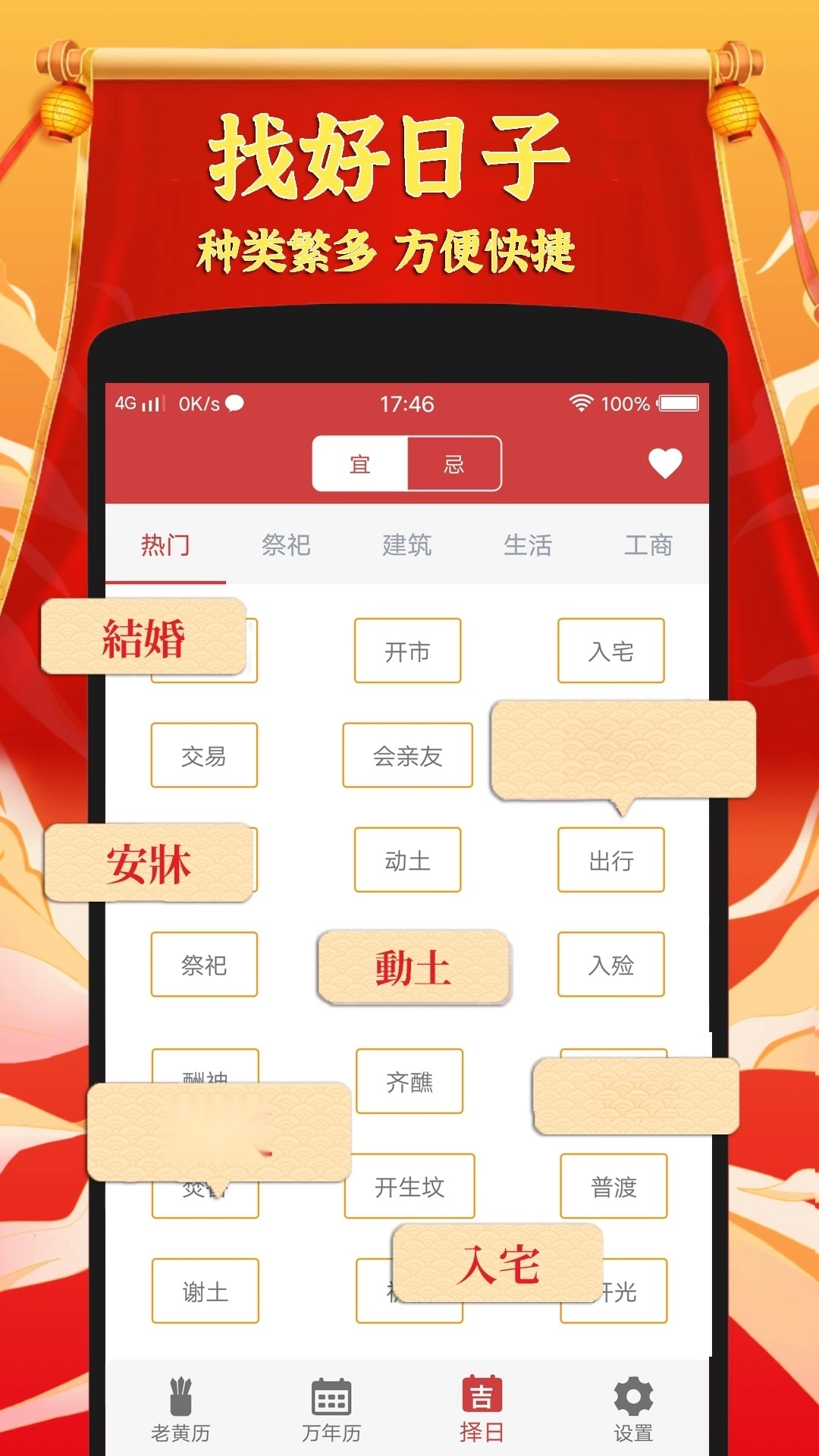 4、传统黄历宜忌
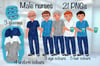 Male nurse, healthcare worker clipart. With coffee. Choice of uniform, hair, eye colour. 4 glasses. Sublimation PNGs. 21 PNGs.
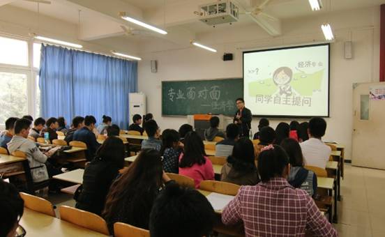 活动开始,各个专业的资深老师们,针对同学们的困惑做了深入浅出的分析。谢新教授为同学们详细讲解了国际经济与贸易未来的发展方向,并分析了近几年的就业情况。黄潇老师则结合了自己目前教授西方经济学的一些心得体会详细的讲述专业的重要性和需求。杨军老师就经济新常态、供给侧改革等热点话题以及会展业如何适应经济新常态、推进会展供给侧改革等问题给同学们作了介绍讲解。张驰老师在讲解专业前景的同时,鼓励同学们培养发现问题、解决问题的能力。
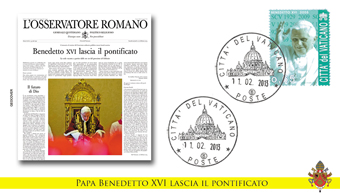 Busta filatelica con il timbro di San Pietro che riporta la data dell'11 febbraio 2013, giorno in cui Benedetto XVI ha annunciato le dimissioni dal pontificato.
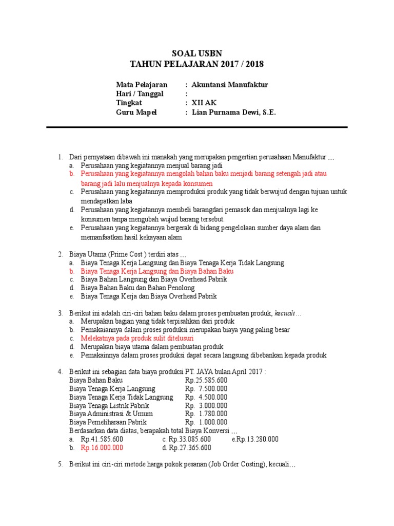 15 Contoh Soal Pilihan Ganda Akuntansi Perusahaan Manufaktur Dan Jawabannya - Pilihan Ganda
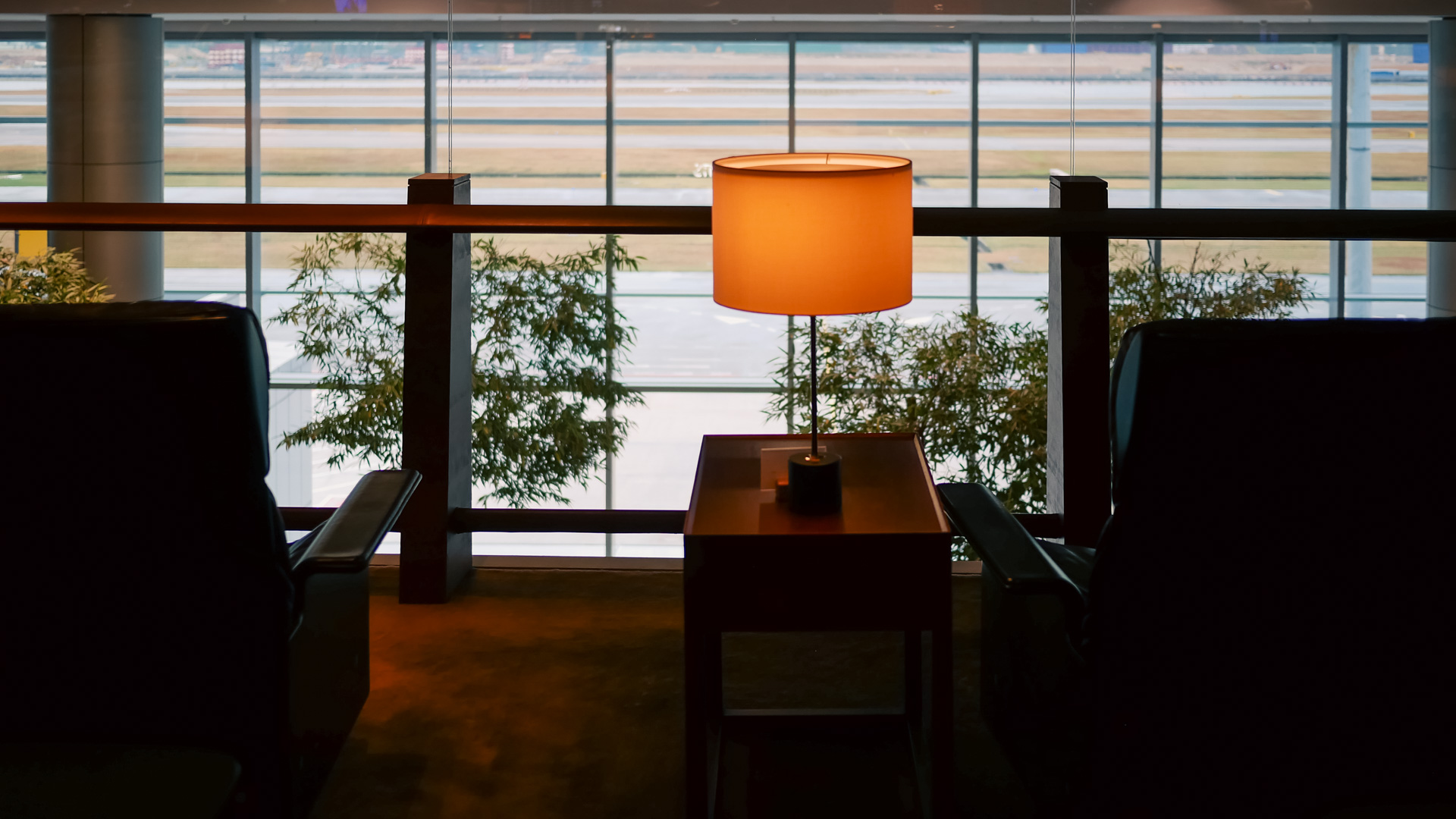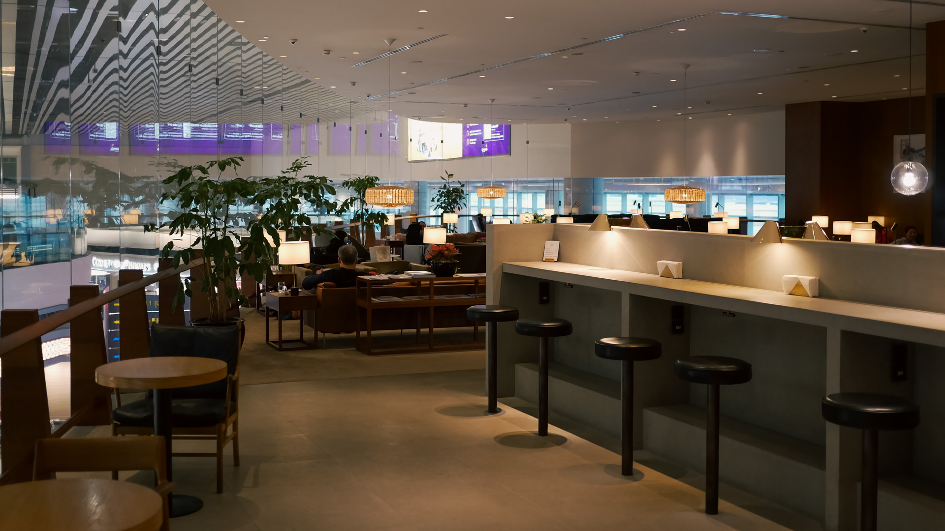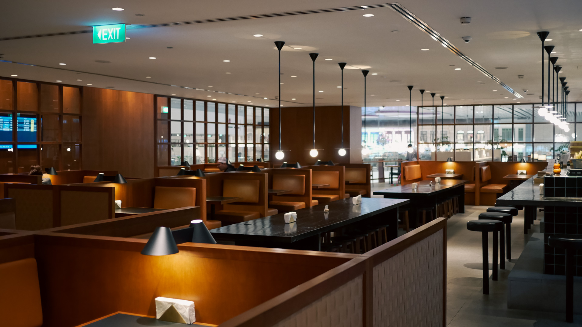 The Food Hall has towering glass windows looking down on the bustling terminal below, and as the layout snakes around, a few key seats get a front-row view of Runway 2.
========
Nothing but the lines from the line holding "活动开始,各个专业的资深老师" through the last line of the entries above is to be reproduced, exactly and without pictures.

▸ Reply to the task:
 活动开始,各个专业的资深老师们,针对同学们的困惑做了深入浅出的分析。谢新教授为同学们详细讲解了国际经济与贸易未来的发展方向,并分析了近几年的就业情况。黄潇老师则结合了自己目前教授西方经济学的一些心得体会详细的讲述专业的重要性和需求。杨军老师就经济新常态、供给侧改革等热点话题以及会展业如何适应经济新常态、推进会展供给侧改革等问题给同学们作了介绍讲解。张驰老师在讲解专业前景的同时,鼓励同学们培养发现问题、解决问题的能力。
 Busta filatelica con il timbro di San Pietro che riporta la data dell'11 febbraio 2013, giorno in cui Benedetto XVI ha annunciato le dimissioni dal pontificato.
 15 Contoh Soal Pilihan Ganda Akuntansi Perusahaan Manufaktur Dan Jawabannya - Pilihan Ganda
 The Food Hall has towering glass windows looking down on the bustling terminal below, and as the layout snakes around, a few key seats get a front-row view of Runway 2.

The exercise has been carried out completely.